Hi All, we took delivery of our 2004 28RS-S 2 weeks ago, without an oven but it is in the contract, and are anxious to get it home. We were inclined to sell our tow vechile first and then the trailer but the opposite occured. So the trail-lite is gone to friends and the Outback is at the campground 45 minutes away. I have really appreciated this forum as it has answered most of my questions- radio hum, shower leak, slide manual bolt location, rust on the outside stove etc. Thanks again.

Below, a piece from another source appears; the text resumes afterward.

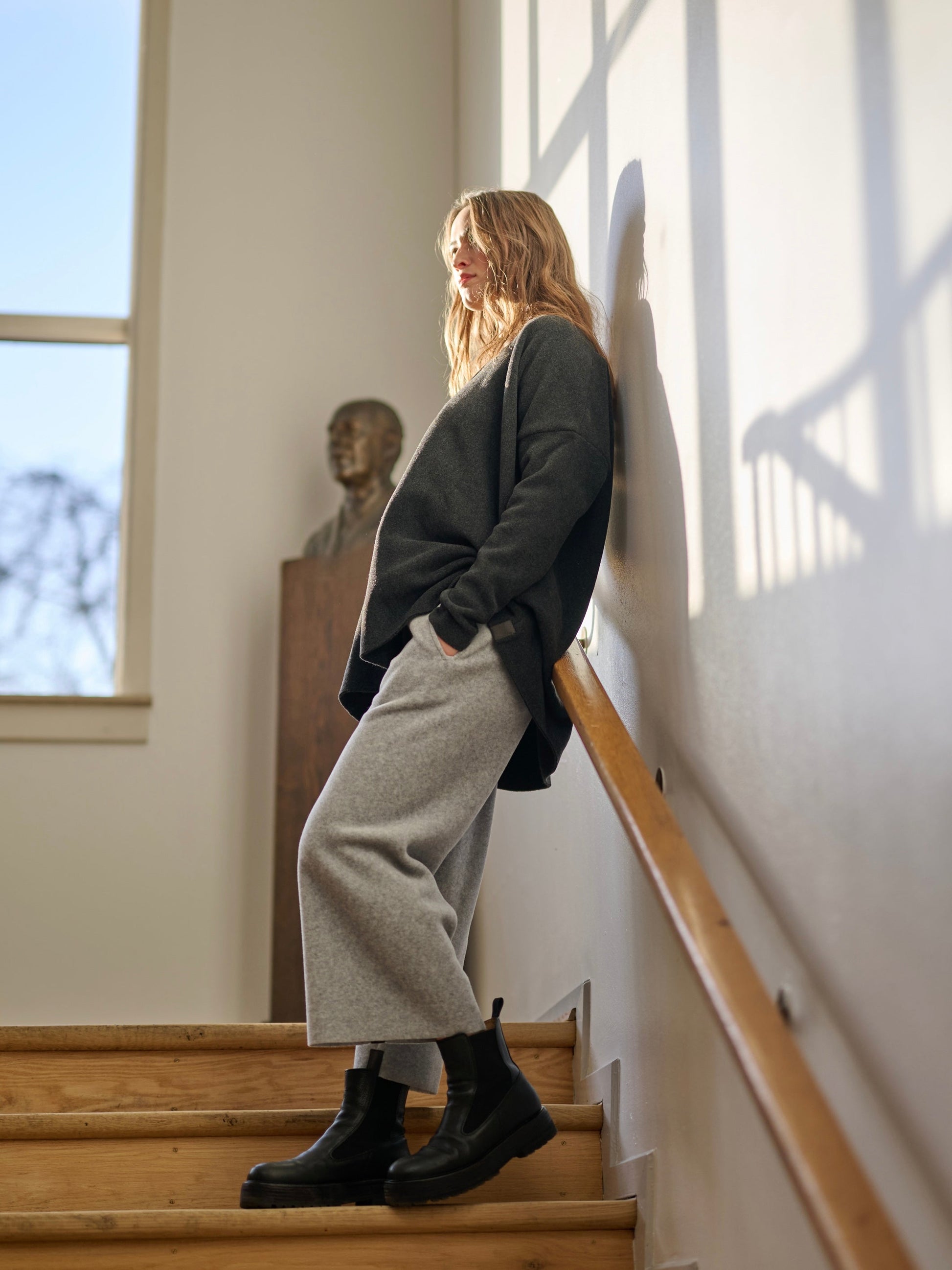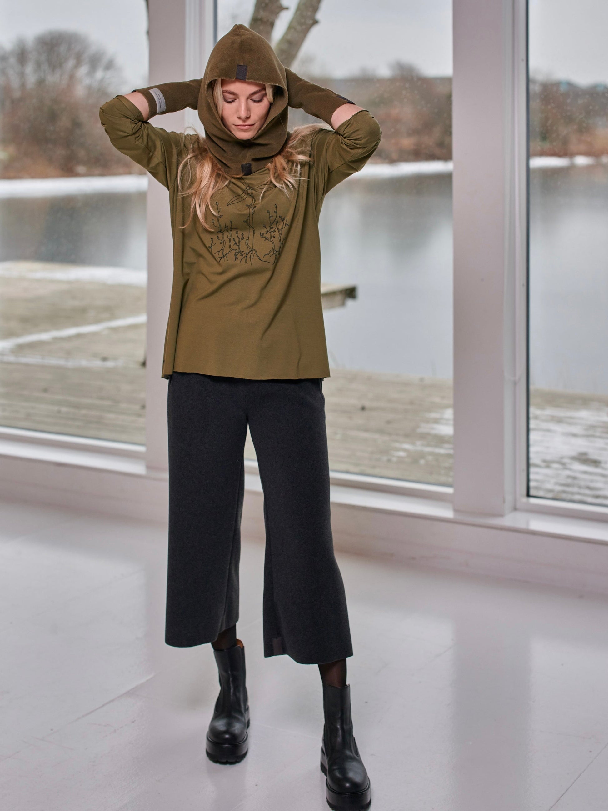 Gemütliche Jogginghose mit Bindeband und weiten Beinen im Palazzo Style. Spüre, wie angenehm sich das spezielle Fleece in diesem vielseitig tragbaren Design anfühlt. Du kannst die Hose zum Kuscheln auf der Couch oder aber auch zu einem entspannten Spaziergang tragen. Es gibt viele verschiedene Oberteile, die perfekt zu dieser Hose passen.

Michael, Abby, Dominique (f) Patrick
Dieppe N.B. Canada
Jack the Lab (puppy)
And room for two more kids when mine say they don't want to go this weekend!!!!
2004 Outback 28RS-S Tow Vechile ?


----------



## Y-Guy (Jan 30, 2004)

Welcome aboard Abe! Glad you found the site helpful. Congrats on your camper, we love our 28RSS too!


----------



## Twins Make 4 (Apr 25, 2004)

Ditto what Y-Guy said Abe, we just took our maiden voyage in our 28 rss on Memorial Day. Congrats & happy Outbacking.


----------



## polygraphpat (Mar 4, 2004)

Welcome from a fellow 2004 28RSS owner. Enjoy


----------



## timeout (Feb 13, 2004)

Congrats!

And enjoy your new 28rss. We've had ours for a year now and absolutely love it! I only wish the folddown couch/sleeper was a tad bit longer...


----------



## NDJollyMon (Aug 22, 2003)

Abe..
Welcome...congrats...and ENJOY!


----------



## Thor (Apr 7, 2004)

Abe

Another fellow Canadian
















Congrats with the choice of TT. We have the same one and just love it. I never thought I would enjoy TT this much. Just a few years ago my wife and I were big time campers...as in find a spot somewhere in northern Ont and camp. Camping in a park was like staying at the Holiday Inn.

I cannot believe what 5years and 3 kids later change your views. We all love camping in our TT.

Lots of great memories ahead

Congrats again!!

Thor


----------